## Information shown
>>

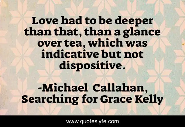 This page presents the quote "Love had to be deeper than that, than a glance over tea, which was indicative but not dispositive.". Author of this quote is Michael Callahan, Searching for Grace Kelly. This quote is about love, meaning, thoughts-about-love, language, affection,.
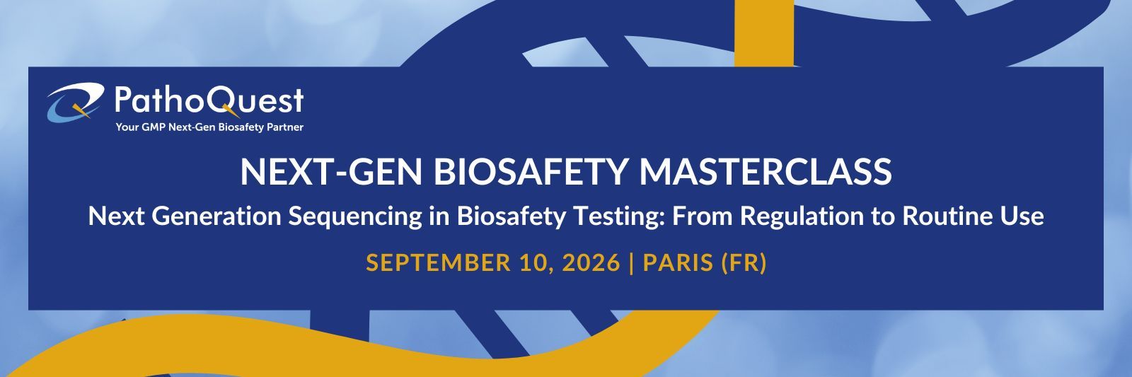We are pleased to invite you to save the date and register for the Next-Gen Biosafety Masterclass: "Next Generation Sequencing (NGS) in Biosafety Testing: From Regulation to Routine Use", hosted by PathoQuest.
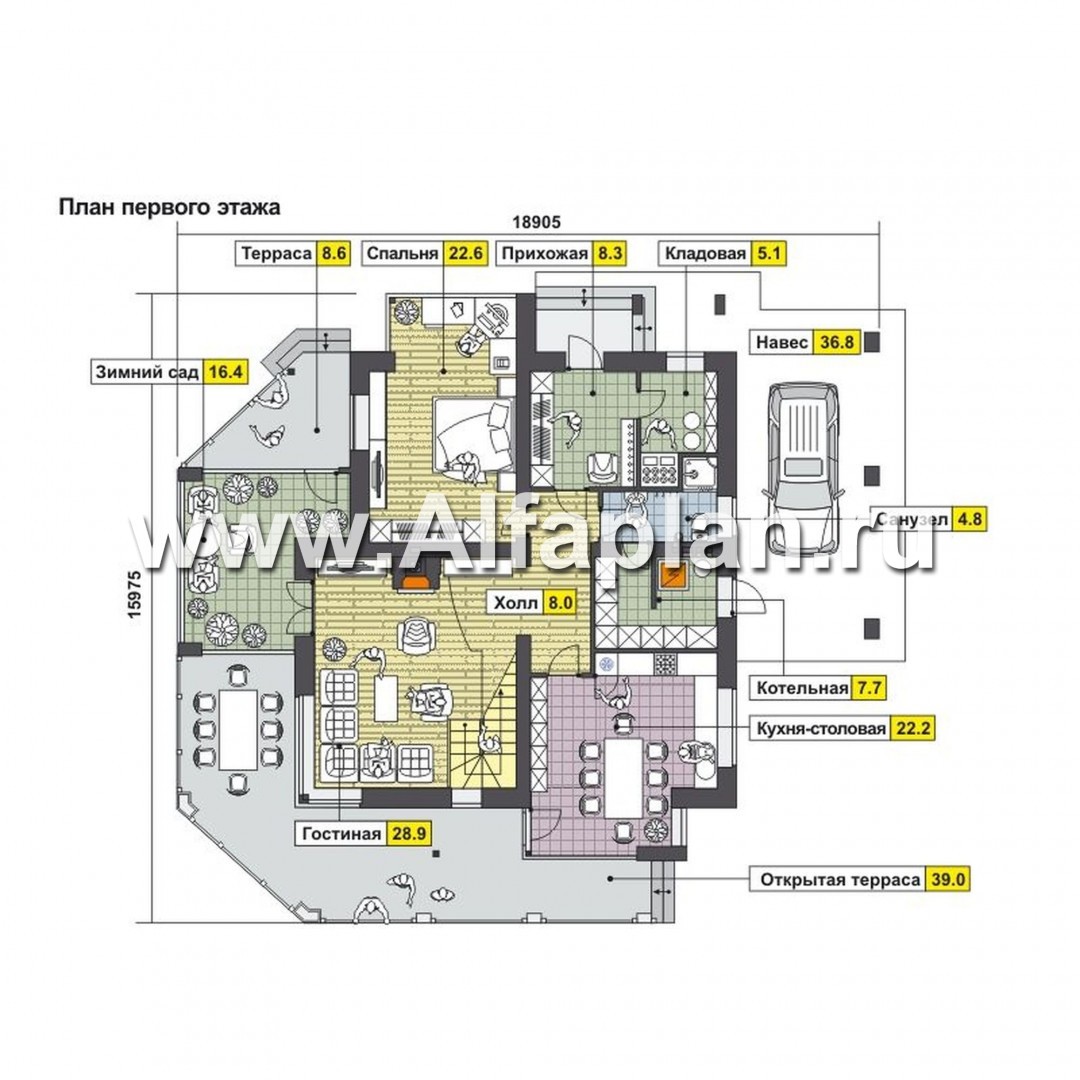 Проект дома с мансардой, планировка с кабинетом на 1 эт и навесом на 1 авто, с угловой террасой

<<

## The problem
Line by line, reproduce exactly the lines from the one containing "We are pleased" through the final line of the material, both included, leaving every picture out.

## Task answer
We are pleased to invite you to save the date and register for the Next-Gen Biosafety Masterclass: "Next Generation Sequencing (NGS) in Biosafety Testing: From Regulation to Routine Use", hosted by PathoQuest.
 Проект дома с мансардой, планировка с кабинетом на 1 эт и навесом на 1 авто, с угловой террасой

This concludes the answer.